• _Data for the task_:
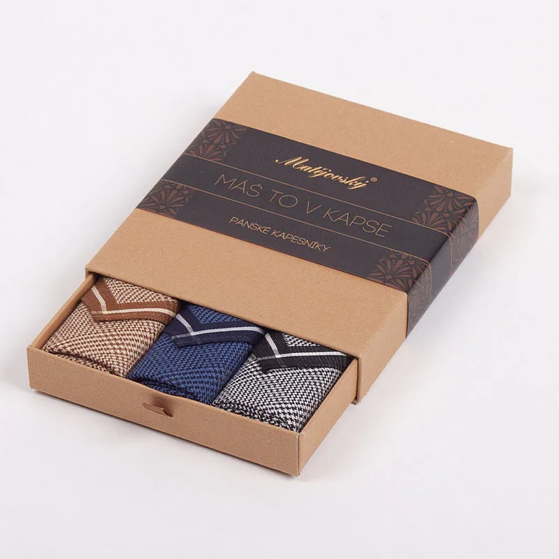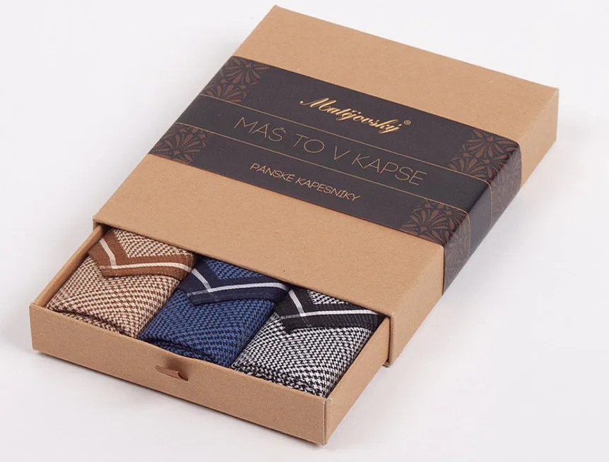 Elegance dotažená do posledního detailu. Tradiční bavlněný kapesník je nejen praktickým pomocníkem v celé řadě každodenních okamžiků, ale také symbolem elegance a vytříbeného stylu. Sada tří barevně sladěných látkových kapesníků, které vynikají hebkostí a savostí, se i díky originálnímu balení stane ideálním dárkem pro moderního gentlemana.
==
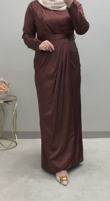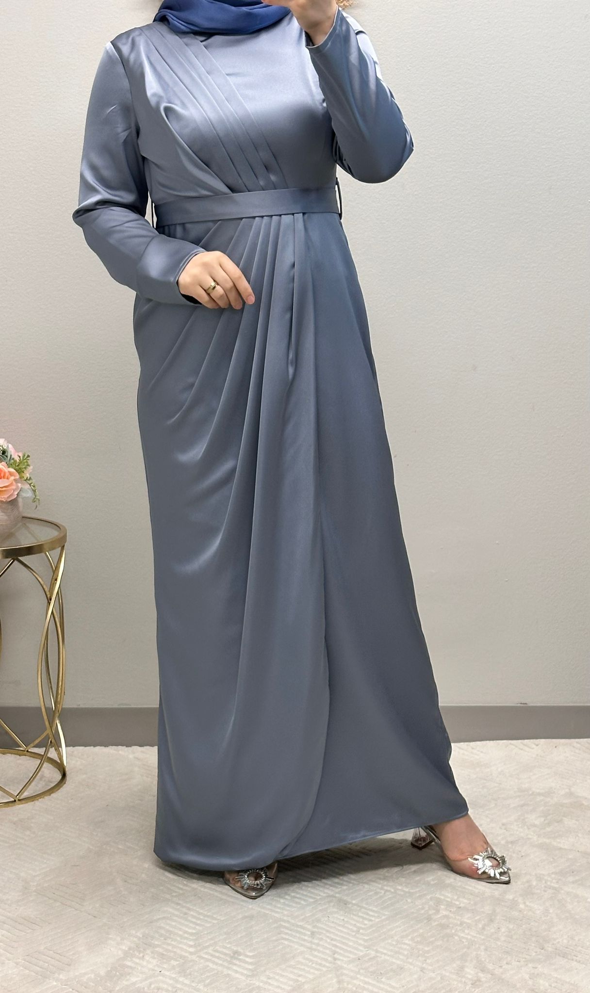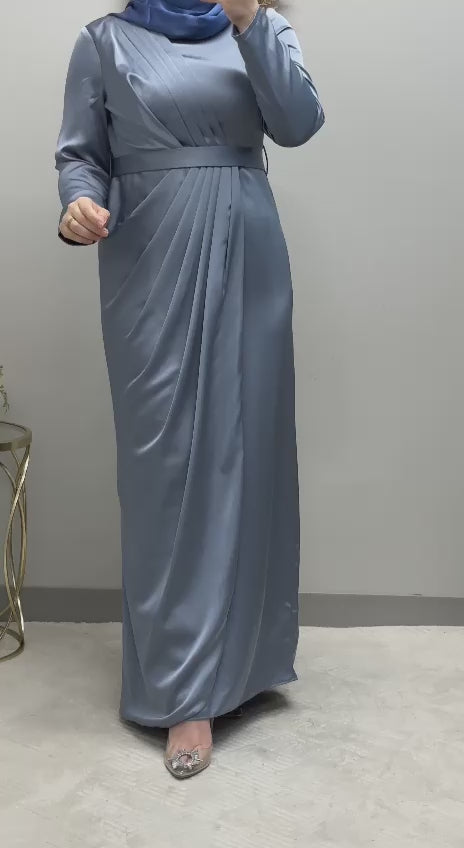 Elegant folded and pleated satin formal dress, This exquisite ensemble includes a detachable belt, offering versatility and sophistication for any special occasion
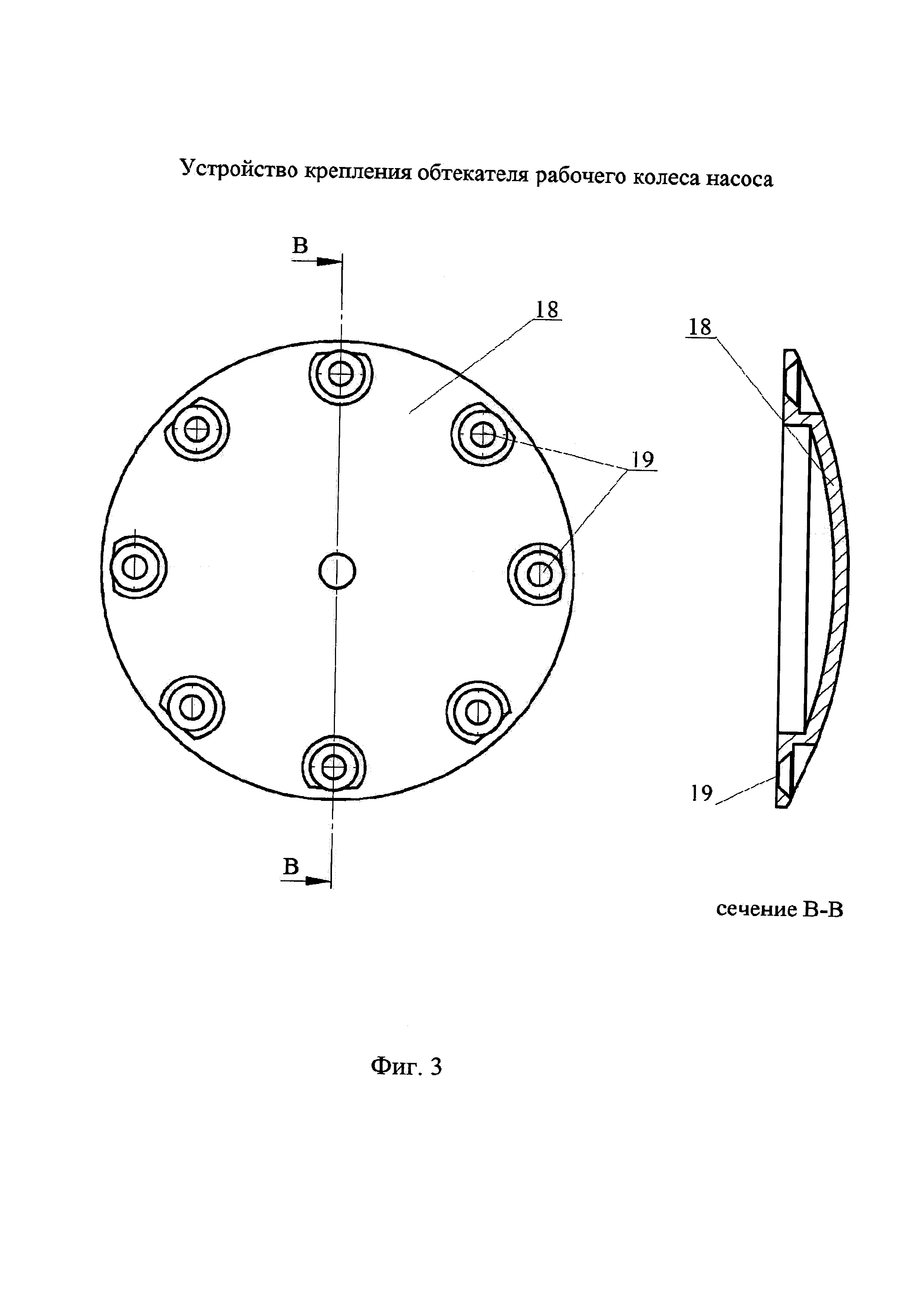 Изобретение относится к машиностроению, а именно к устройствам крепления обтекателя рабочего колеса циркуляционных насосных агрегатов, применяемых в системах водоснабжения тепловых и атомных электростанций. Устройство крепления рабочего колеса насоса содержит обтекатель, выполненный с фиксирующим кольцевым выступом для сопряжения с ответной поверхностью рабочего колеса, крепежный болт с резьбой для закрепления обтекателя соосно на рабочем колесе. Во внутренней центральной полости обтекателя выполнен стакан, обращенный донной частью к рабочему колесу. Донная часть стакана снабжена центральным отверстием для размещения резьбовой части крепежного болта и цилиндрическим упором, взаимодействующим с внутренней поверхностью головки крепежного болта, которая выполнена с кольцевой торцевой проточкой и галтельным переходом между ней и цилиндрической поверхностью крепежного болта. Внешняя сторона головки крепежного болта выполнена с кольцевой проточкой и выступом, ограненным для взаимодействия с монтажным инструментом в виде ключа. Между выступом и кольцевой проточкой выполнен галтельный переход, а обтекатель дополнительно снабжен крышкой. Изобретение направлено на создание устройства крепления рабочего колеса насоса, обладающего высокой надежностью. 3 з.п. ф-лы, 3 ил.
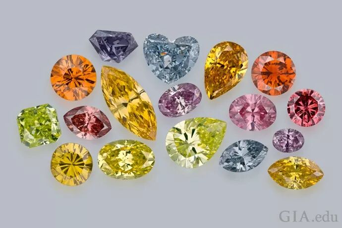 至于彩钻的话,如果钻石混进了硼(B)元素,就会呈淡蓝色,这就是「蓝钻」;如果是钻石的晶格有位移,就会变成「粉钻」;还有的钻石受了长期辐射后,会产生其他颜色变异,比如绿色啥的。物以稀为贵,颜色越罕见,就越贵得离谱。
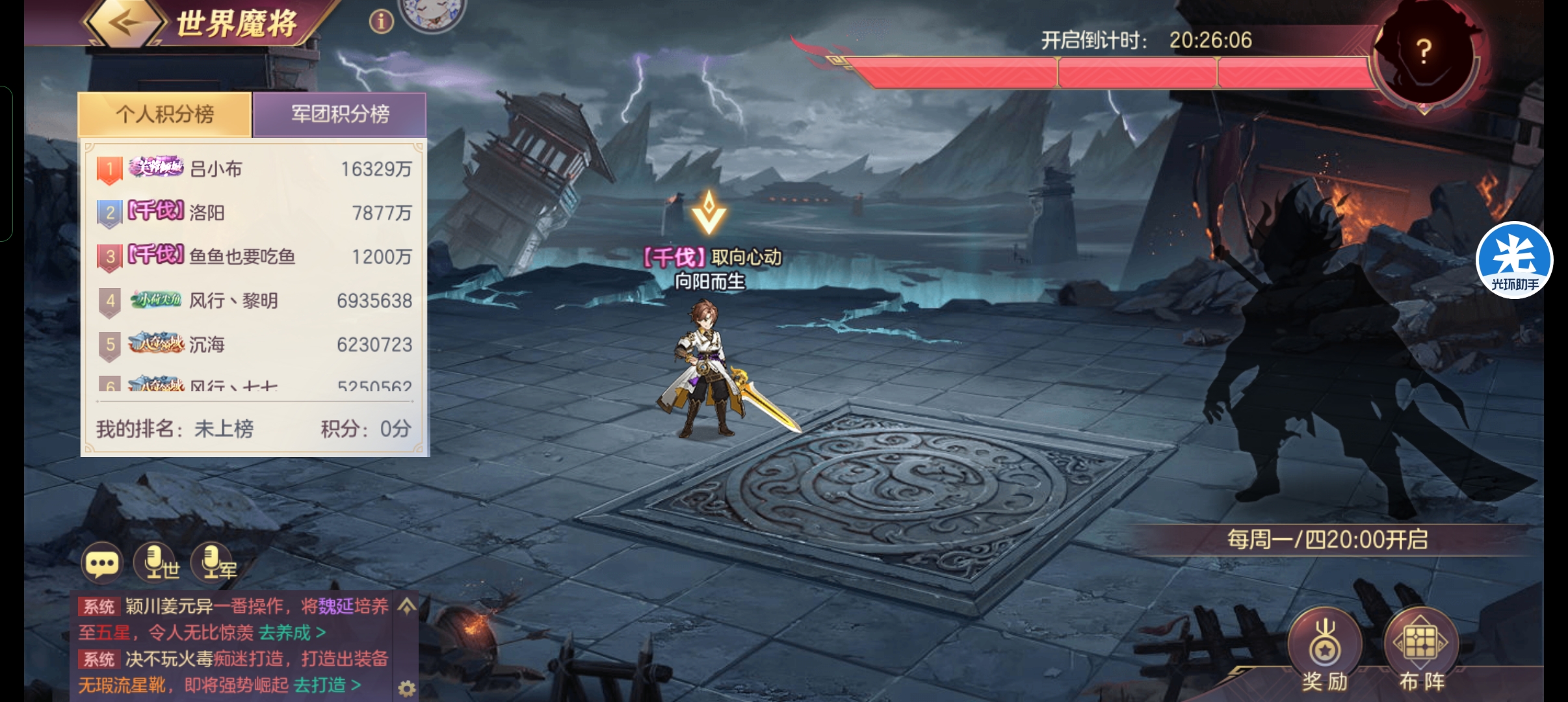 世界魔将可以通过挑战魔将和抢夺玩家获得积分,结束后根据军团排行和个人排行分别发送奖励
==
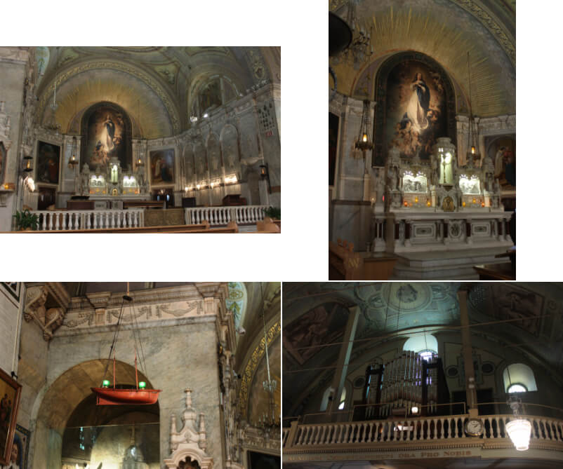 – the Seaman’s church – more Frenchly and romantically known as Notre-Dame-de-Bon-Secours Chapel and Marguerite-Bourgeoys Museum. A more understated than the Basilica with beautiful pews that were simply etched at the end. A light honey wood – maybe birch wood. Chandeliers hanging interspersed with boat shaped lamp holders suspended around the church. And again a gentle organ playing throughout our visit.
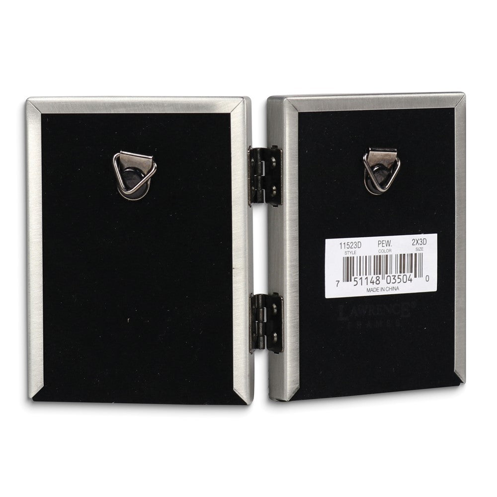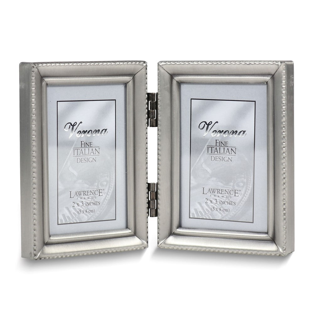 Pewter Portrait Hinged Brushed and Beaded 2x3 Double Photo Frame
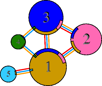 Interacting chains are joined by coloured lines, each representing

• _Task statement_: An exact copy of the lines above from the one with "Elegant folded and" up to and including the one with "Изобретение относится к" is required; reproduce only those lines, omitting all pictures.

• _Response to this exercise_:
 Elegant folded and pleated satin formal dress, This exquisite ensemble includes a detachable belt, offering versatility and sophistication for any special occasion
 Изобретение относится к машиностроению, а именно к устройствам крепления обтекателя рабочего колеса циркуляционных насосных агрегатов, применяемых в системах водоснабжения тепловых и атомных электростанций. Устройство крепления рабочего колеса насоса содержит обтекатель, выполненный с фиксирующим кольцевым выступом для сопряжения с ответной поверхностью рабочего колеса, крепежный болт с резьбой для закрепления обтекателя соосно на рабочем колесе. Во внутренней центральной полости обтекателя выполнен стакан, обращенный донной частью к рабочему колесу. Донная часть стакана снабжена центральным отверстием для размещения резьбовой части крепежного болта и цилиндрическим упором, взаимодействующим с внутренней поверхностью головки крепежного болта, которая выполнена с кольцевой торцевой проточкой и галтельным переходом между ней и цилиндрической поверхностью крепежного болта. Внешняя сторона головки крепежного болта выполнена с кольцевой проточкой и выступом, ограненным для взаимодействия с монтажным инструментом в виде ключа. Между выступом и кольцевой проточкой выполнен галтельный переход, а обтекатель дополнительно снабжен крышкой. Изобретение направлено на создание устройства крепления рабочего колеса насоса, обладающего высокой надежностью. 3 з.п. ф-лы, 3 ил.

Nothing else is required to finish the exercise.